Australia’s state road enterprises, meanwhile, demonstrate the benefits commercialization could bring to state Departments of Transportation in the U.S. By contrast with their American equivalents, Australian road enterprises—like New South Wales’s Roads and Traffic Authority or Victoria’s VicRoads—are innovative and highly business-like.
The United States should follow Australia and New Zealand’s lead, and transform its state Departments of Transportation (or the highways divisions thereof) into separate, publicly regulated, self-financing corporate entities. Full-cost accounting—as already performed by Arizona’s Department of Transportation—constitutes a necessary first step in this direction. In making the transition, policymakers should strive to impose regulation only where absolutely necessary, to minimize the anti-competitive effects of any such regulation, and to leave social objectives to the government, thereby freeing road enterprises to focus on economic ones. Accordingly, road enterprises should be permitted to pursue cost-effective contracting and public private-partnerships as they see fit.

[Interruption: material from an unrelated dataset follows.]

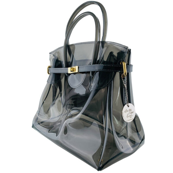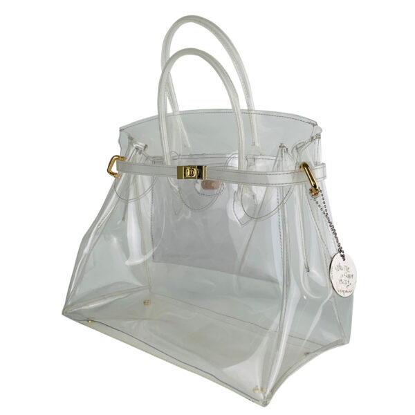 Il design trasparente lascia intravedere ciò che contiene, mentre la chiusura dorata aggiunge un tocco chic che bilancia il suo spirito ironico e contemporaneo.
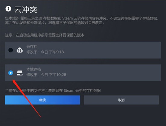 即可恢复steam的云存档,恢复后打开游戏提示如下,我们选择用本地数据覆盖云端数据即可。

The new road enterprises should also be given latitude to make greater use of user fees—as opposed to general revenue—for funding their activities. Such charges are not just more efficient and equitable than traditional funding sources; if properly designed and implemented, they are also better suited to reducing congestion through effective pricing. Vehicle-miles-traveled charges, weight-distance charges and electronic tolling are all options that road enterprises should be free to pursue.
There is no single formula for success. Road enterprises will learn by doing, and by trialing alternate strategies. The U.S. has 50 separate laboratories of democracy in which road enterprises and state authorities can experiment to find out what works and what doesn’t. There will be successes and failures along the way: successes will be replicated; failures will be eradicated. It is only by establishing a learning process like this that innovative progress in surface transportation can be made.